If we assessed risk and suffering based on actual data, we would also get sentimental about motor vehicle accidents, the obesity epidemic, nutrition, influenza or any number or things. This is not to triviliaze the horror of Monday or to de-value the symbolic currency of attacks on “our” nation by “outsiders”, but merely to suggest that the best way to honor the victims of undue human suffering is take action to prevent further human suffering. In contrast to terrorism, it is a suffering that happens in a silent but equally devastating way every day in our world but it is every bit as real. If you were one of the millions motivated by seeing the injustice and horror of lives cut short Monday than in addition to the USA chants, the tough words, the posts on Facebook, and the flag waving and honor the victims in the best and only way possible: Live in a way that respects every life, every second of every day.
Live to respect life.
Start with driving, because statistics show driving is one of the most dangerous things Americans do on a daily basis. From now on drive humanely. As a physician I am amazed by the savagery and brutality I see on our roads and highways every day. Do people not realize when they turn the key to their ignition they are engaging in a behavior that kills tens of thousands of human beings (mostly young) each year and seriously injures many more?
After Monday, If you agree that it is horrible to see young people killed or injured then please drive safely tomorrow. You may not be a “terrorist” but if you drive drunk, text on your phone or drive recklessly you are contributing to a problem that is going to kill and maime more people than Monday’s attacks did. If in honor of Monday’s victims we pledged to drive safe, sober and avoided distracted driving we would save dozens of lives in this country a day! What better way to honor the victims than by reducing or eliminating the suffering of others?
Vaccinate your children. Don’t take drugs. Give money to charity at home and abroad. Exercise. Feed yourself and your family healthy food (Do you realize how many thousands of children are going to die or get disabled from the Diabetes epidemic rising in our nation?). Don’t play around with guns in the home.
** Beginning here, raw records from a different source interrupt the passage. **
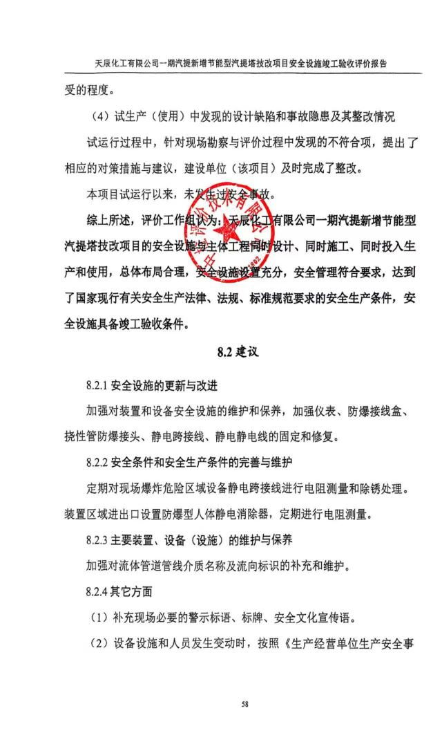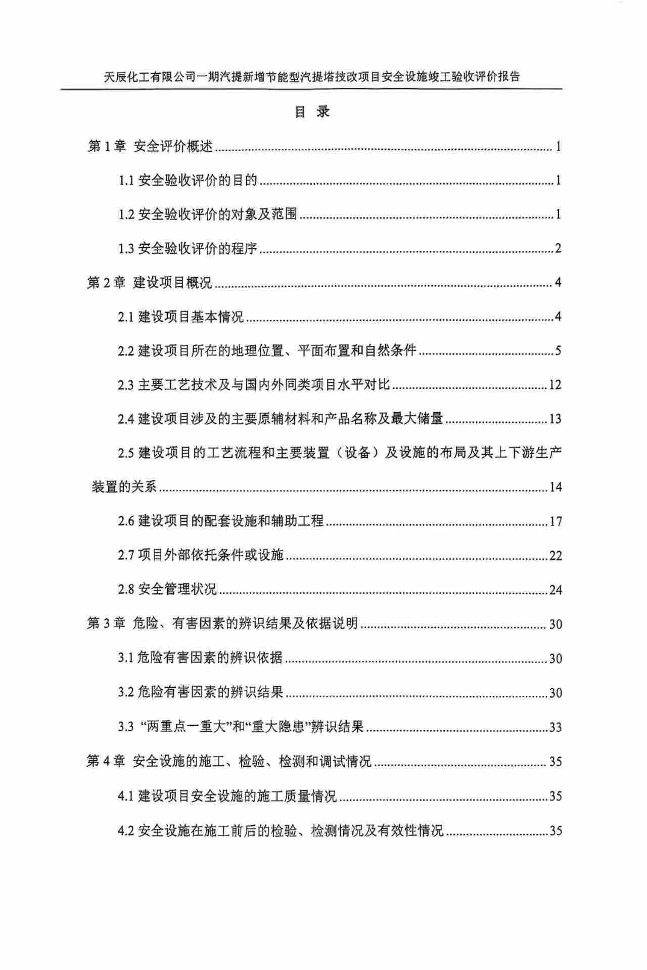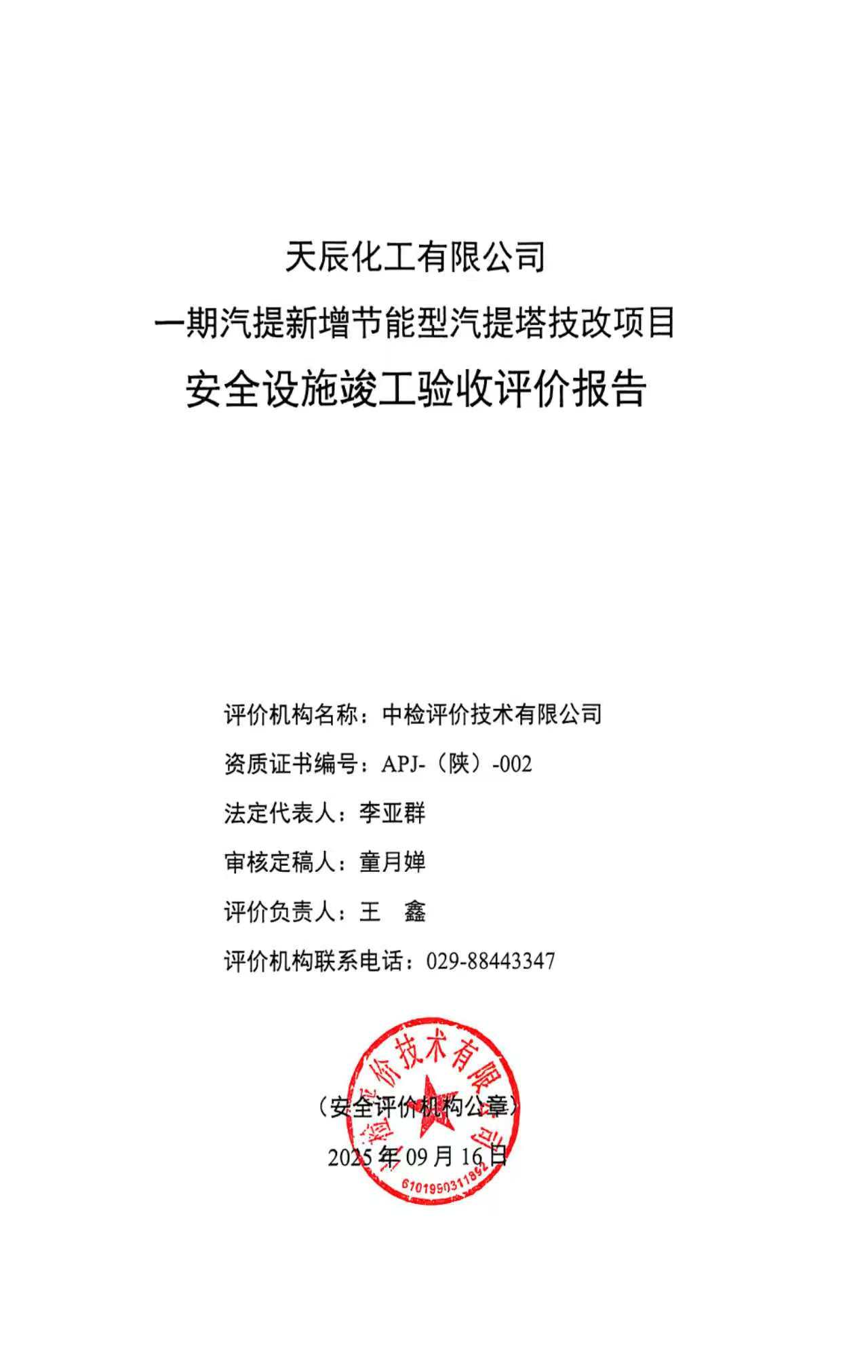 天辰化工有限公司一期汽提新增节能型汽提塔技改项目安全设施竣工验收评价报告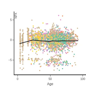Blood protein levels by age, BMI, and sex, measured using the proximity extension assay (PEA) with the Olink Explore 1536. In the age and sex scatterplots, samples are colored by disease class.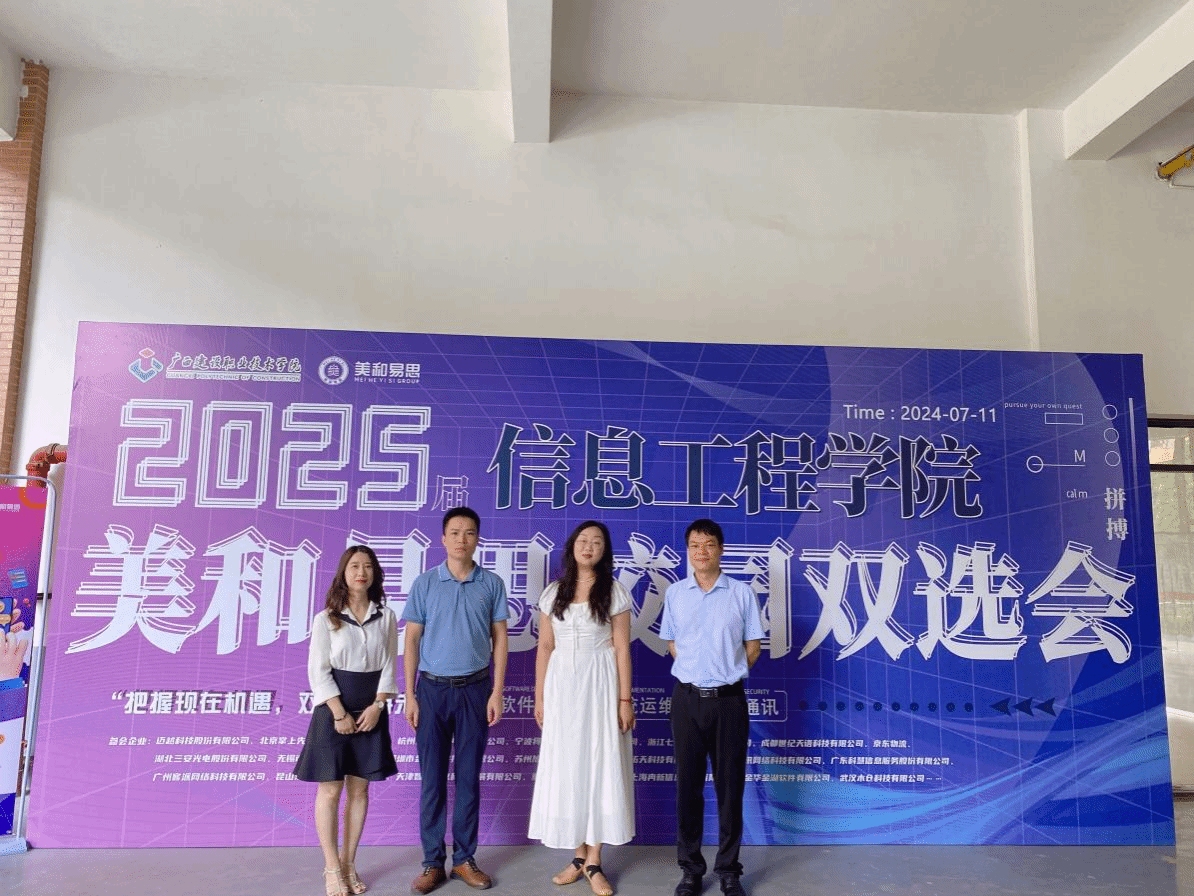 信息工程学院领导的高度重视本次双选会,覃一海副院长亲临现场指导工作,与美和易思项目经理梁婷婷、教学主任方文韬进行了深入交流,共同探讨如何更好地促进学生就业。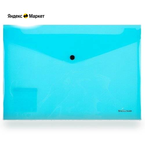Папка-конверт на кнопке А4, 180 мкм, ErichKrause Vivid, глянцевая, полупрозрачная, бирюзовая продается в интернет-магазине Яндекс Маркет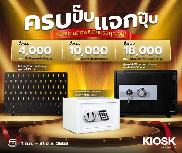 Shop KIOSK products and get a free DIY Pegboard, anti-theft safe, or fireproof safe when you spend 4,000, 10,000, or 18,000 THB.
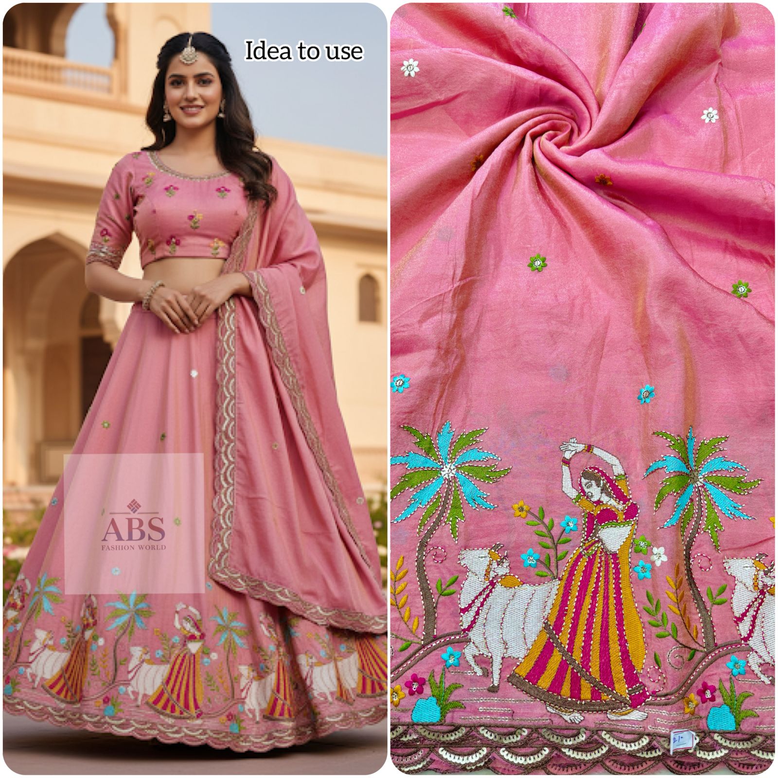 Crafted on a soft, lightweight fabric base, this material is perfect for designing lehenga cholis, saree blouses, dupattas, kurtis, festive gowns, and decorative home textiles. The fine embroidery, highlighted with zari-style threads and colorful accents, makes it ideal for wedding wear, festive outfits, and cultural performances.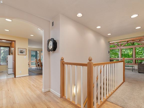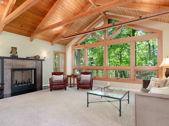 True craftsmanship abounds in this beautifully updated and immaculately maintained NW Contemporary on a 3/4 acre property in the SE Hills of Eugene! You'll love the incredible forested view from the vaulted living room w/ wood beams and wood burning fireplace. High end, custom-designed kitchen w/ honed granite counters, stainless appliances and cherry cabinetry w/ pullouts and soft-close doors opens to window-lined dining room and cozy sunroom w/ skylight. Rounding out the main level is the primary ensuite bedroom with walk in closet and fully remodeled bathroom featuring dual vanity and walk-in tile shower. The lower level offers multi-generational living opportunities with 2 more bedrooms, another full bathroom and a beautifully appointed family room featuring wetbar, custom cherry cabinetry, certified wood stove and slider leading to a private patio. Appreciate the outdoors and enjoy al-fresco dining on the sun-dappled deck or wander along the paths and in your own private forest retreat. Other features include Porte Cochere drive-thru carport and driveway, ample parking for RV or trailer, tons of storage, wood-framed Marvin windows, newer furnace and a/c, and so much more. Completely move-in ready with clean inspection on file. Perfect for the buyer who appreciates uncompromising quality!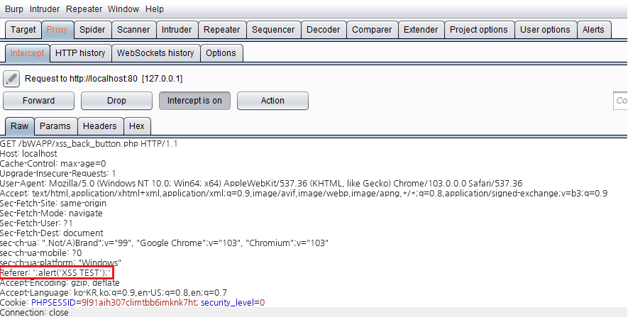 버프 스위트로 패킷을 잡아 Referer 헤더에 ';alert('XSS TEST')'; 값을 입력해 주었습니다.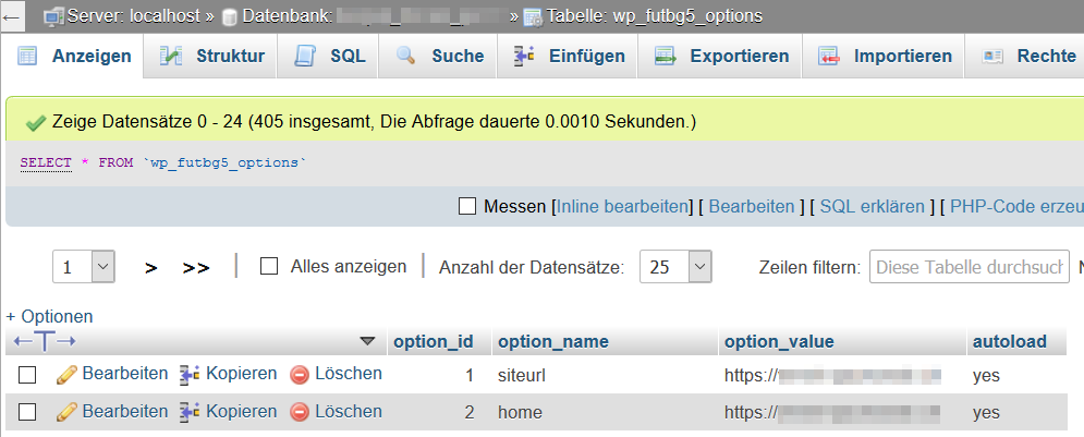 WordPress-Adresse (URL) und Webseite-Adresse (URL) in phpMyAdmin ändern

These are some the things that contribute to the killing and maiming of innocent people on a massive scale but lack the grandoise imagery that gets our attention. Honor Monday’s attack victims and all those who suffer not just by waving the flag or singing sentimental songs at sporting events (don’t get me wrong all that is well and good) but by living consciously.
As the old saying goes “Be the Change You Want to See In the World.” On Monday we were all confronted with horror and we are programmed to respond to the frightening imagery. If you were moved by what you saw than the best response is to take actions to reduce and prevent human suffering of all kinds in everything we do. In that way we best honor the tragedy we saw last week.